Anzahl der Mandelentzündungen Empfehlung zur Entfernung
< 3 Mandelentzündungen in 12 Monaten Entfernung nicht zu empfehlen
3 – 5 Mandelentzündungen in 12 Monaten Mandelentfernung kann erwogen werden, wenn es nach diesem Zeitraum zu weiteren Entzündungen kommt
> 5 Mandelentzündungen in 12 Monaten Entfernung sollte erwogen werden

Tab. 2: Empfehlungen zur Mandelentfernung


Vielen Patienten mit wiederkehrenden Infekten der Mandeln kann durch eine Mandelentfernung geholfen werden. Allerdings kann eine Mandeloperation Beschwerden mit sich bringen wie Schmerzen und Nachblutungen. Auch die Vollnarkose, unter der Mandeloperationen in der Regel durchgeführt werden, birgt Risiken.


Entzündungen der Mandeln sind häufige und belastende Erkrankungen. Es ist wichtig, eine Mandelentzündung früh zu erkennen, um sie zu behandeln oder einen Arzt aufzusuchen. Wird eine Mandelentzündung rechtzeitig behandelt, lassen sich die Beschwerden effektiv bekämpfen.


Quellen:


Windfuhr, J. P., Toepfner, N., Steffen, G., Waldfahrer, F., & Berner, R. (2016). Clinical practice guideline: tonsillitis I. Diagnostics and nonsurgical management. European Archives of Oto-Rhino-Laryngology, 1-15. Link: http://link.springer.com/article/10.1007/s00405-015-3872-6 (Abstract, voller Text nur mit speziellem Zugang abrufbar), aufgerufen am 20.01.16


Boenninghaus, H. G., & Lenarz, T. (2007). HNO. Hals-Nasen-Ohrenheilkunde.
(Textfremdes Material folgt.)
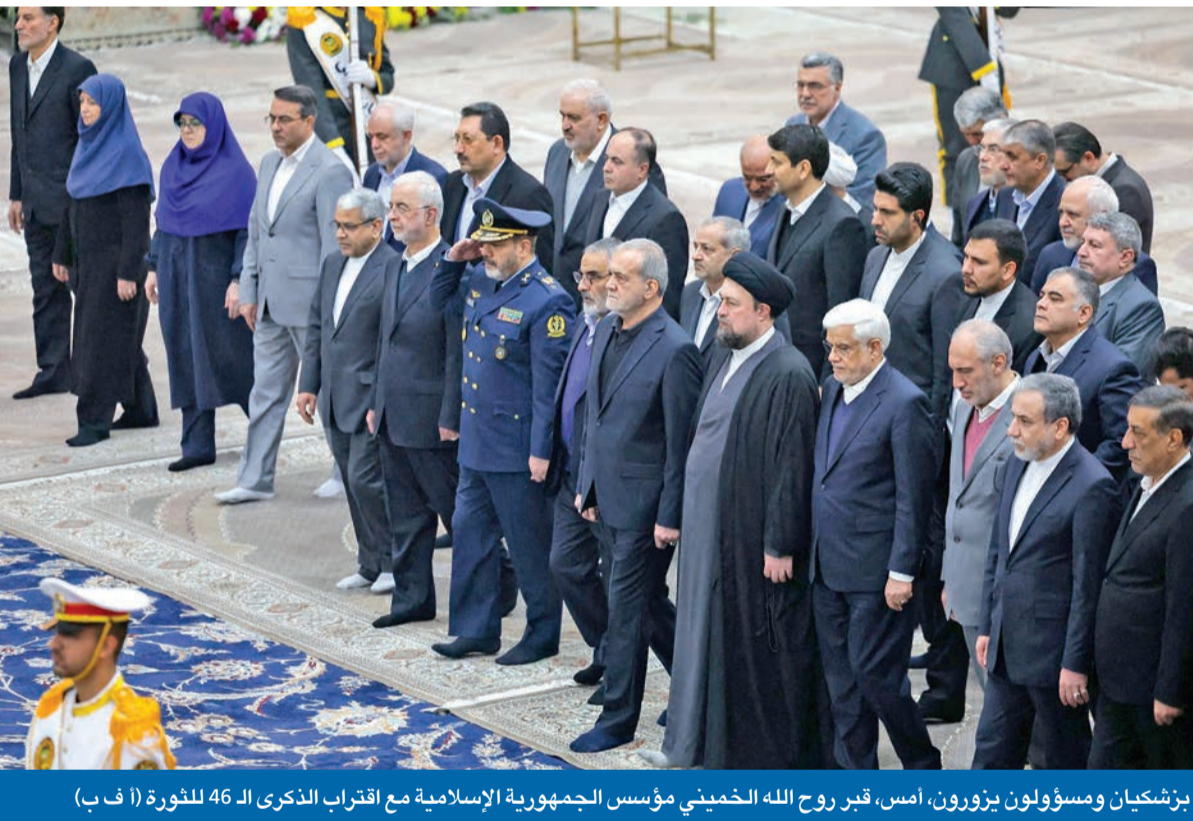
بزشكيان ومسؤولون يزورون، أمس، قبر روح الله الخميني مؤسس الجمهورية الإسلامية مع اقتراب الذكرى الـ 46 للثورة (أ ف ب)

مصالح العرب وأنقرة ستصطدم في سورية... وأنصار إيران في ركود مقصود طهران عملت لتجنب حلفائها العراقيين مصير نظرائهم اللبنانيين والسوريين إسرائيل ستستأنف عملياتها ضد غزة وتوسعها في الضفة بعد استكمال صفقة التبادل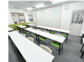
授業時はブラインドカーテンで 教室間が仕切られます。

清潔感、開放感のある、明るい空間です。 壁や机は白で統一し、椅子は癒しの緑、温かみのあるオレンジを取り入れています。掲示物を最低限にすることで、視覚的に落ち着くように設計した空間です。3階なので騒音もなく静かです。また、座席どうしの間隔を広く取っているため、自分の学習スペースをしっかりと確保できます。過ごしやすい空間で、思う存分勉強しましょう。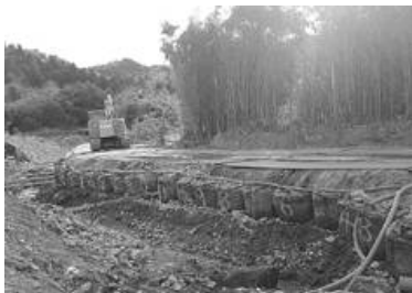
4月11日時点の工事のようす

日高学区市民自治会広報部では、茨城県が行なっている東連津川上流域の復旧工事の進捗状況について、4月11日現地を訪れて話を伺いました。担当者は「とりわけ被害の大きかった箇所約100mの長さ、高さ2mほどのブロックを5月末日までに積み上げる。それによって河川の越水がないようにしていく」と、教えてくれました。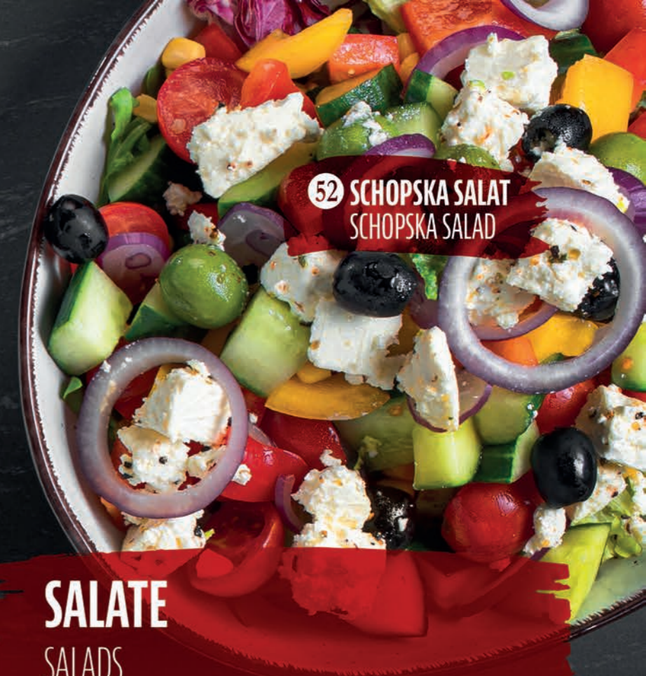
52 SCHOPSKA SALAT SCHOPSKA SALAD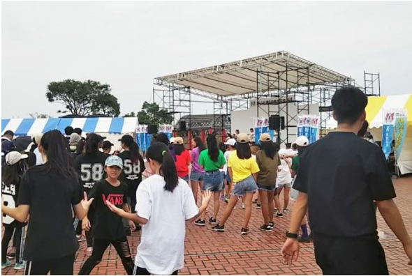
ステージイベント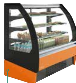
Color exterior Ral 2003 Naranja / Orange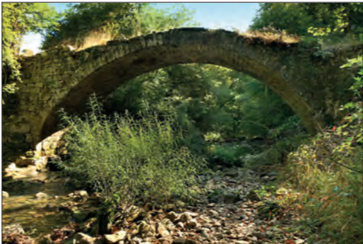
Puente medieval de Iltzarbe, sobre el río Udarbe. Iltzarbeko zubia, Erdi Arokoa, Udarbe errekararen gainean.

ARTETAKO GATZAGAK aspaldiko instalazioak dira, eta bertan tradizionalki gatza eskuratu izan dute, putzu batetik ateratzen den uretik. Gehienak utzita badaude ere, duela gutxi putzua bertu da eta esparruaren zati bat, eta bertan prozesua egiten da oraindik. Haietara iristeko modu erakargarriena da artetako iturburutik abiatzen den txango eder eta labor bat (Gatzagetako paseoa, 1,6 kilometro joan eta etorri), seinalezatuta dagoena.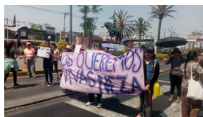
Denuncian represión policial y detenciones arbitrarias contra mujeres de Nos Queremos Vivas Neza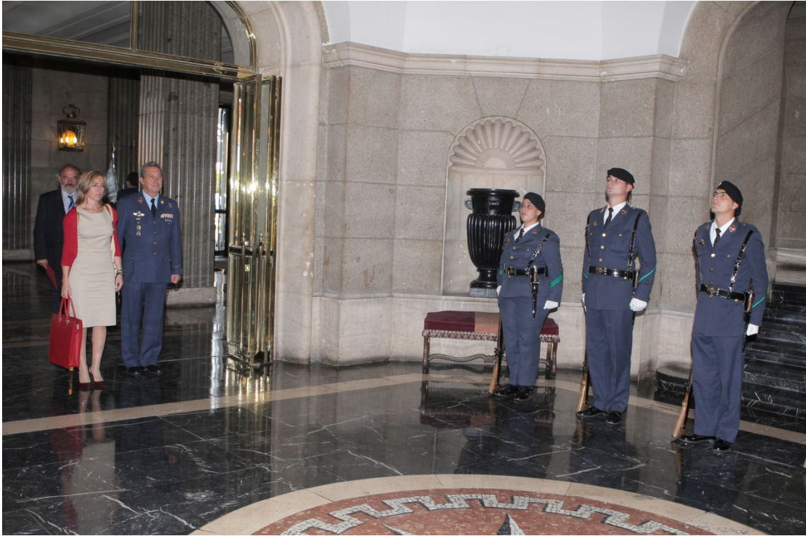
Hall principal de entrada. El JEMA acompañando a la Ministra de Defensa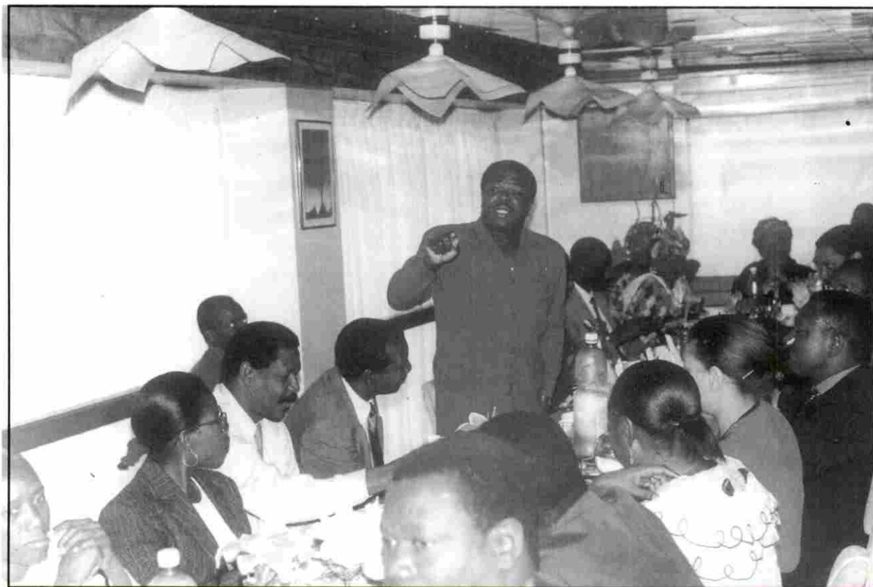
....lors du petit déjeuner de presse organisé dans le cadre de la campagne nationale sur «les violences faites aux femmes»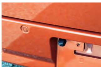
バックカメラが標準で装備

標準はエコフローDELTA RIVERですが、EF DELTA MINI(1500W)などへ変更できます ※オプション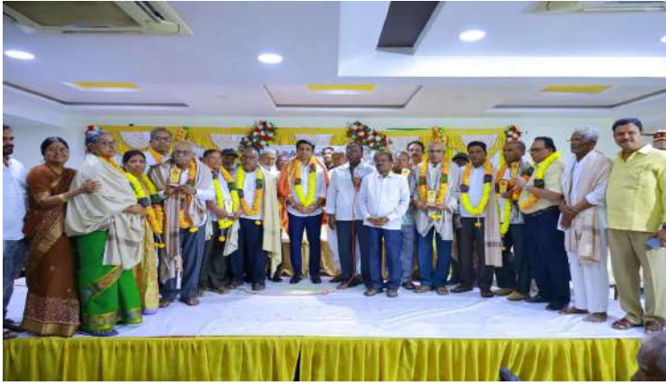
-ఎమ్మెల్యే కూచుకుళ్ళు రాజేష్ రెడ్డి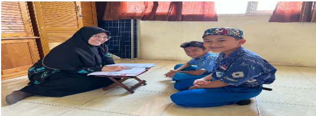
Bersama guru PAI-BP SDIT Robbani Banjarbaru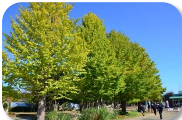
イチョウ 数は少ないですが黄葉が見られます。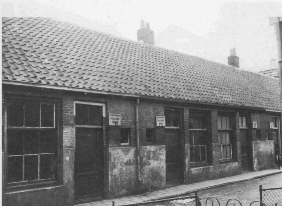
Afbeelding 3: het rijtje woningen nr. 9 t/m 19, nadat deze in 1929 onbewoonbaar verklaard waren.

In 1883 verkocht Gijs de Beer de strook grond, die in 1877 van perceel 201 was overgebleven, voor woningbouw. Aan de Kapelstraat zette men een villaatje, het latere nummer 19. Daarachter kwam aan de rechterkant van de Baaienrokkenbuurt een rij van zes arbeiderswoningen. Zoals de foto (afb. 3) laat zien, waren die gebouwd in de geest van die tijd en alleen van het uiterst noodzakelijke voorzien. Het straatje bezat toen negen woningen. Toen omstreeks 1900 de huisnummers per straat werden ingevoerd, gaf men het rijtje van zes de nummers 9 t/m 19 en de drie aan de overkant 21, 23 en 25. De huisnummers 27 en 29 werden gegeven aan het dubbele pandje aan de Landstraat op het eind van het straatje.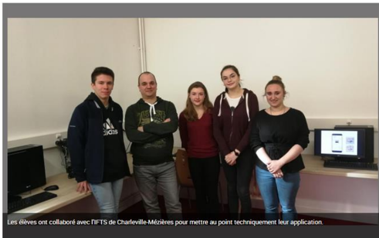
Les élèves ont collaboré avec l'IFTS de Charleville-Mézières pour mettre au point techniquement leur application.

Le jeudi 15 mars au ministère de l'Enseignement supérieur, de la recherche et de l'innovation , deux équipes de quatre élèves carolos vont défendre, devant un jury, leurs projets sélectionnés pour la finale du concours Science Factor et auront même le privilège de rencontrer la ministre Frédérique Vidal . Ce concours vise à faire émerger des idées et projets d'innovation citoyens, avec une participation égale de filles et de garçons, en prenant appui sur les réseaux sociaux. Science Factor propose aux élèves de la 6e à la terminale de construire en équipe un projet scientifique ou technique innovant, une invention ayant un impact positif clairement démontré au niveau sociétal, économique ou environnemental.

Millington, A. J., & Phillips, J. S. (2014). Current trends in tonsillitis and tonsillectomy. Annals of The Royal College of Surgeons of England, 96(8), 586-589. Link: http://publishing.rcseng.ac.uk/doi/10.1308/003588414X13946184901966, aufgerufen am 20.01.16


Stelter, K. (2014). Tonsillitis and sore throat in children. GMS current topics in otorhinolaryngology, head and neck surgery, 13. Link: http://www.ncbi.nlm.nih.gov/pmc/articles/PMC4273168/pdf/CTO-13-07.pdf, aufgerufen am 21.01.16




Wichtiger Hinweis: Dieser Artikel beinhaltet lediglich allgemeine Hinweise und Beschreibungen zum Thema Mandelentzündung. Er eignet sich nicht zur Selbstdiagnose oder -behandlung und kann einen Arztbesuch auf keinen Fall ersetzen.